Based on a mass balance analysis (Eq. 3), the difference between the total Cr input and the sum of the masses of total Cr and Cr(VI) determined at the column output and removed by the OS corresponds to 1.75 mg, only 0.73% of the total Cr mass injected, indicating that all of the Cr is accounted for. The small difference may be due to some imprecision in the analyses for Cr determination. The proportion of Cr mass retained per mass of OS (1.26 mg g−1) is very similar to the value obtained in the batch test with groundwater, where 1.6 mg of Cr(VI) was retained per gram of OS in solution with 200 mg L−1 Cr(VI). The retained mass probably is in the form of Cr(III), due to the ability of organic matter to promote the reduction of Cr(VI) to (III) and the constituents of the OS in immobilizing it.

In order to promote the increase of Cr(VI) reduction capacity, OS could be modified adding Fe(III) in the system. According to Mak and Lo (2011), the reduction of Cr(VI) by both fulvic acids and humic acids of natural organic matter increases when Fe(III) is added. The humic substances transform Fe(III) into Fe(II), which in turn reduces Cr(VI) to Cr(III). Wu et al. (2017) also enhanced the removal performance of chitosan by Fe(III) pretreatment. The Fe(OOO)-cross-linked chitosan beads synthesized by these authors presented a high adsorption capacity of Cr(VI) (166.3 mg g−1) under ambient temperature and pH 6.0.

Conclusions

The ash content (56 wt%) of the studied organic soil (OS) is high, as it was expected for tropical peat soils. Its organic carbon content was only 20.5 wt%, which corresponds to 35.5 wt% of organic matter. Therefore, OS is considered as a muck and not as a really peat. The main inorganic components of OS are silica and alumina, and its main mineral constituents are kaolinite, gibbsite, muscovite, quartz and anatase.

Despite of the high ash content, the organic substances of OS had the capacity to remove approximately 2 mg g−1 of Cr(VI), depending on test conditions. This process involved the reduction of Cr(VI) by the humic substances of OS, followed by precipitation and/or adsorption/complexation of Cr(III) by organic and inorganic components.

In 24 h, the greatest rate of Cr(VI) removal was observed in solutions with pH 2.0 (1.1 mg g−1), since the reduction of Cr(VI) to Cr(III) by organic compounds consumes hydrogen. An increased Cr(VI) removal (around 2.0 mg g−1) was also observed at original groundwater pH (around 5.0), however it took a longer period, of 5 days.
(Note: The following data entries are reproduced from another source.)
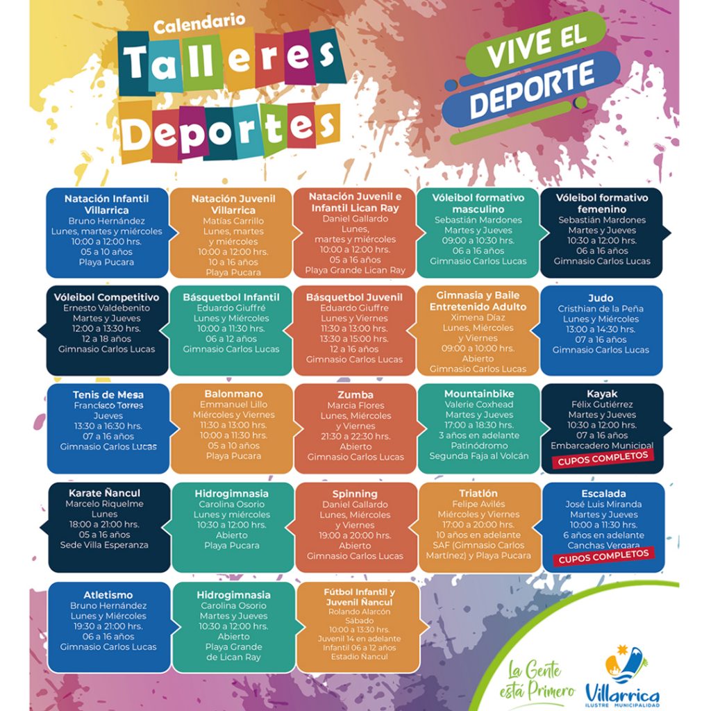 Los talleres disponibles y sus responsables son: Natación, a cargo de Bruno Hernández; el área juvenil, con Matías Carrillo, Juvenil e Infantil en Lican Ray, a cargo de Daniel Gallardo en Playa Grande; vóleibol formativo masculino, con Sebastián Mardones, el formativo femenino y el competitivo, con Ernesto Valdebenito; básquetbol infantil, con Eduardo Giuffré, básquetbol juvenil con Pamela Merino; gimnasia y baile entretenido para adultos con Ximena Díaz; judo, con Cristhian de la Peña; tenis de mesa, con Francisco Torres; balonmano, a cargo de Emmanuel Lillo en Playa Pucara; zumba, con Marcia Flores; mountainbike, a cargo de Valerie Coxhead para niños de 3 años en adelante en el Patinódromo Segunda Faja; karate Ñancul, a cargo de Marcelo Riquelme en la sede Villa Esperanza; hidrogimnasia, a cargo de Carolina Osorio en Playa Grande de Lican Ray y Pucara; Spinning, con Daniel Gallardo; triatlón, con Felipe Avilés; atletismo, bajo supervisión de Bruno Hernández; y fútbol infantil y juvenil en Ñancul, a cargo de Rolando Alarcón, en el Estadio Municipal de la localidad.
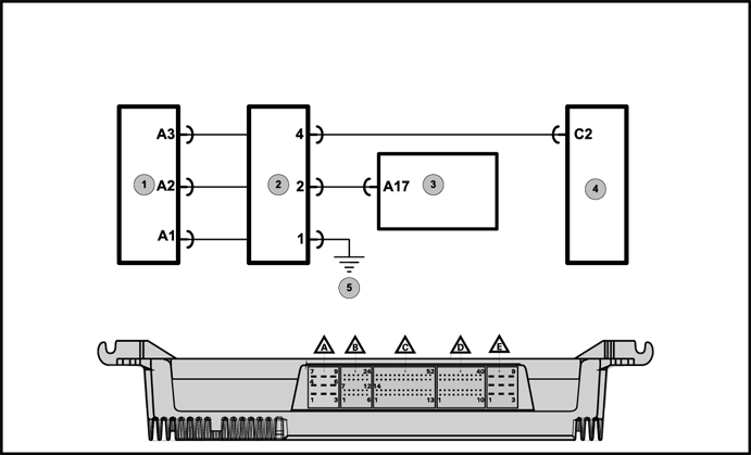Sinal do interruptor do vidro do passageiro da janela direita, em curto-circuito com o potencial negativo.
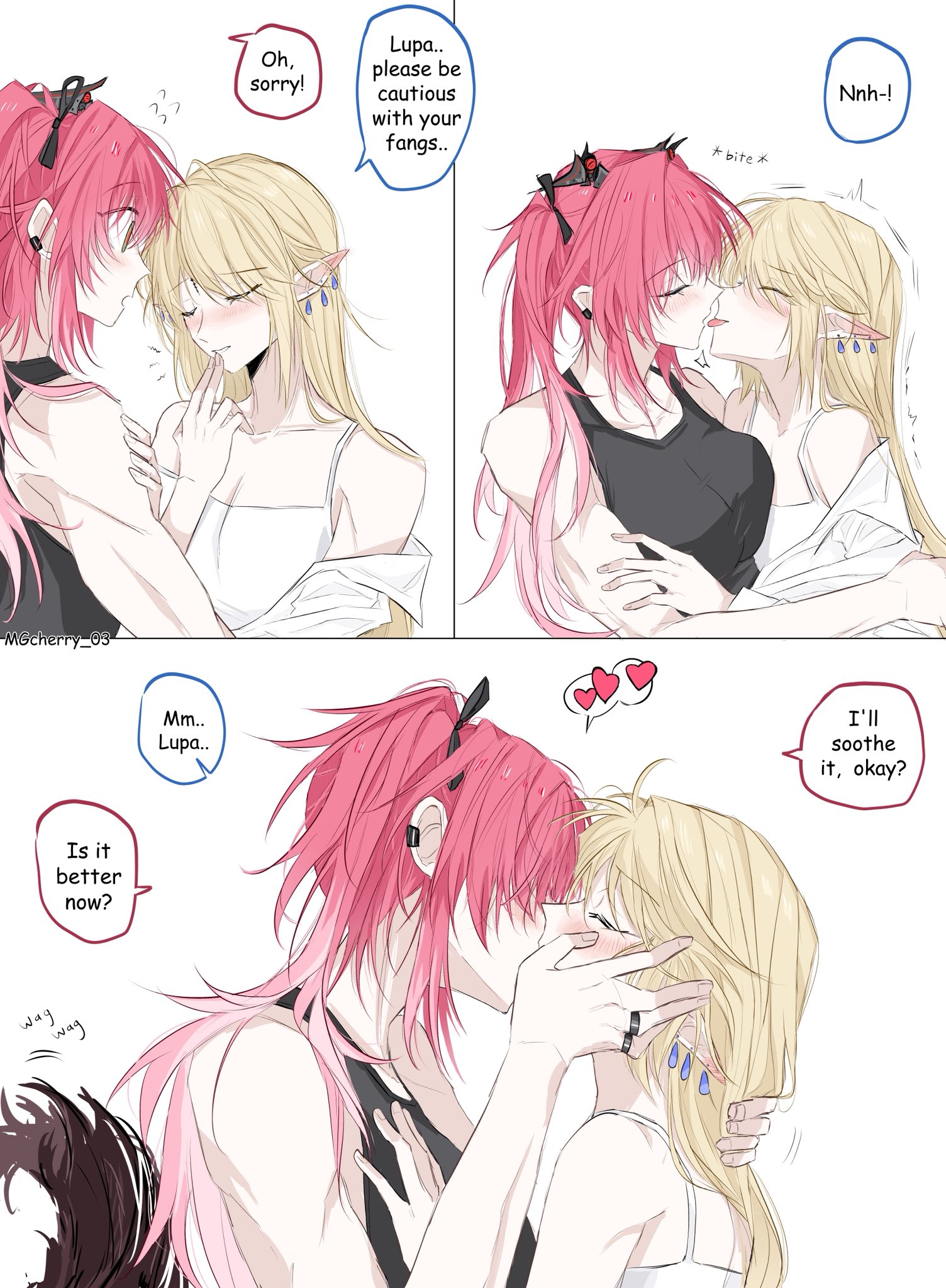 Примерно с 40 секунды: Журналист: Скажите, как вам удалось так быстро вернуться на арену после ухода из команды и найти нового напарника? Лупа: Это была одна из тех встреч, что начинаются с конфликта. Это была одна из тех встреч, что начинаются с конфликта. Это была судьба, предначертанная давным-давно. (загадочно) Лупа: Хм... Впрочем, это уже совсем другая история. Лупа: Как бы то ни было, для меня огромная честь — стать чемпионом плечом к плечу со своим партнёром. Журналист: Ваша частая смена напарников в прошлом была связана с какими-то трудностями? И как вам выступление вашего нынешнего партнёра? Лупа: В прошлом мне не раз приходилось менять напарников. Чаще всего — подчиняясь воле и планам моей семьи. Лупа: Что же до моего нынешнего партнёра... Думаю, вы и сами всё видели. Мы понимаем друг друга без слов и можем по-настоящему наслаждаться каждой секундой боя. Да, путь был коротким, но он принёс мне столько радости! Лупа: Однако мой партнёр не зарабатывает на жизнь боями. Так что, прошу вас, не стоит слишком допытываться и лезть в его личную жизнь, хорошо? Журналист (пытается вставить вопрос): Скажите, а ваш партнёр... Лупа: Так, на этом с вопросами всё. Лупа: А теперь... у нас с партнёром свой собственный разбор полётов. Лупа: В следующий раз я покажу вам ещё более зрелищные бои. Ждите, и не разочаруетесь! * Лупа: Партнёр... Партнёр! Лупа: Пойдём, пойдём скорее! Лупа: А теперь... нас ждёт наш собственный... «разбор полётов»...

The column tests simulating the use of the OS as permeable reactive barrier fillers to treat groundwater contaminated with Cr(VI) also presented a high removal capacity of Cr(VI) (1.3 mg g−1) as obtained in batch tests (1.6 mg g−1). The advantage of this system is that its half-life (4.4 h) is almost six times smaller than that batch test (26.2 h), due to the higher proportion of contact surface per volume of solution. Therefore, the use of OS in the permeable reactive barriers can be effective to promote the removal of Cr(VI), even at original groundwater pH.

The presence of reducing agents as humic substances in OS induced chromium reduction, instead of anion exchange. The Cr(III) association with mineral phases was confirmed by the presence of anatase in samples submitted at heating at 800 °C/2 h.

Further investigations could reveal if the addition of Fe(III) in the system increases the performance of OS in the reduction of Cr(VI) to Cr(III).